Furthermore, modern science tells us a fermented honey drink with high alcohol content is not the sort of thing that can be expected to keep top athletes going 33 per cent longer. But, in any case, the nearest drink station was at the end of the course - where, Browning says of Pheidippides, in terms that would make the most brass-necked PR consultant blush: "Joy in his blood bursting his heart, he died - the bliss."

As Browning very well knew, "joy" has never been recorded as a cause of death by any pathologist. It is much more probable Pheidippides succumbed from the combined effects of sunstroke - he was running in the middle of the day in Greece - and dehydration.

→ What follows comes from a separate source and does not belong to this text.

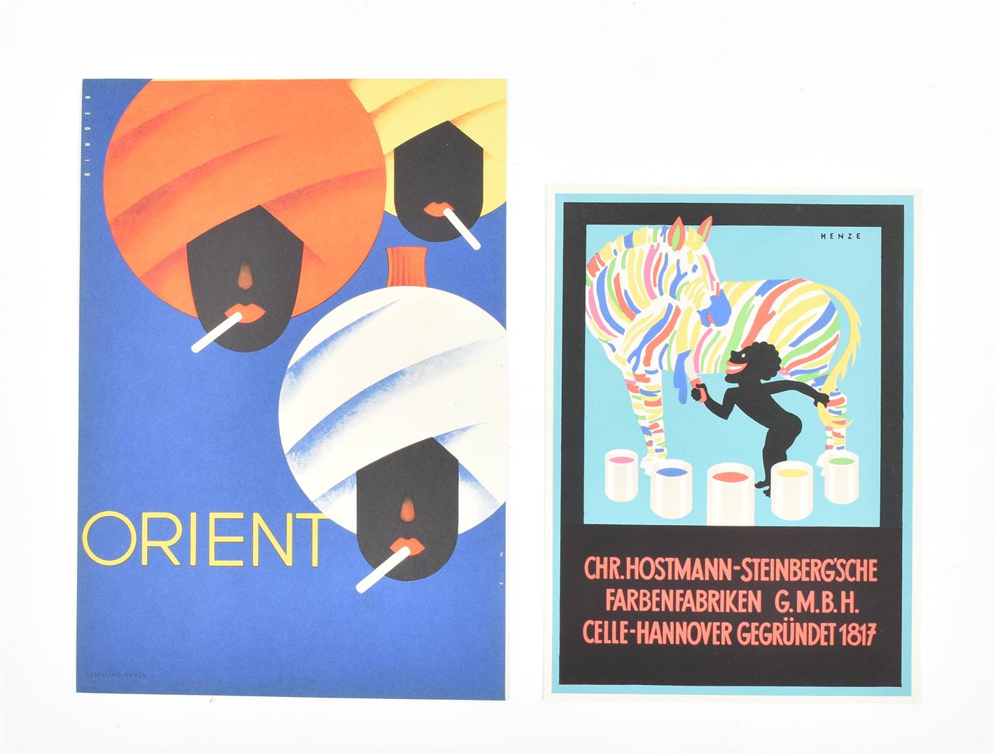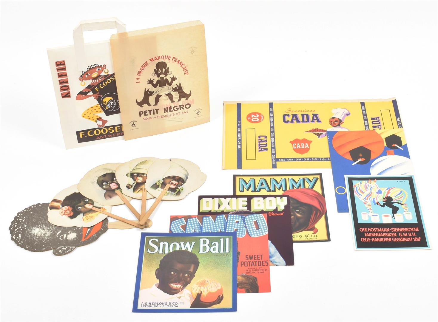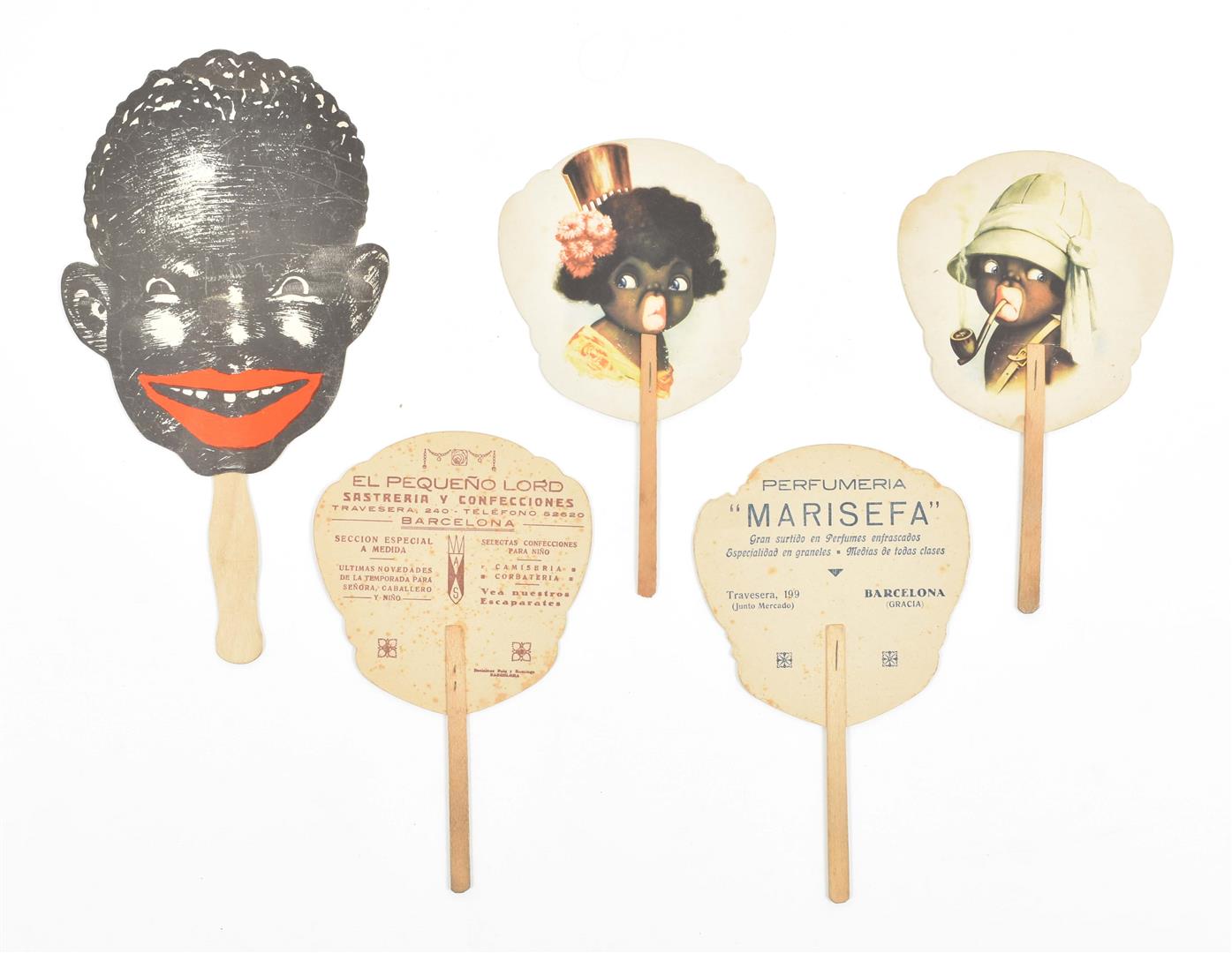 Recto w. 4 different caricatures and verso w. addresses, w. wooden handles, total length approx. 26 cm, issued in Barcelona by El Pequeno Lord sastreria y confecciones (3x) and by Perfumeria Marisefa, most likely 1930s. A bit foxed, minor other imperfections. (5) Menu card in the shape of a cardboard fan, recto w. a smiling face and verso w. the menu, w. wooden handle, total length 34.5 cm, issued by Piccaninny, 3801 W. Madison St. Kedzie 3900, 1930s. Minor imperfections. -and 8 others, incl. a plate for Dujardin by J. Binder.

This much is hinted in the poem's closing lines: "Gloriously as he began, so to end gloriously - once to shout, thereafter be mute: 'Athens is saved!' Pheidippides dies in the shout for his meed."

Nevertheless, modern runners must learn from his mistakes. The message for participants in next Monday's race is: (1) load up on carbohydrates beforehand; (2) hydrate properly during the race; and (3) don't talk to goats.

Also, be grateful that Pheidippides expired when and where he did, and not - for example - after the run from Sparta.

Otherwise, the Dublin City Marathon would be finishing in Cork.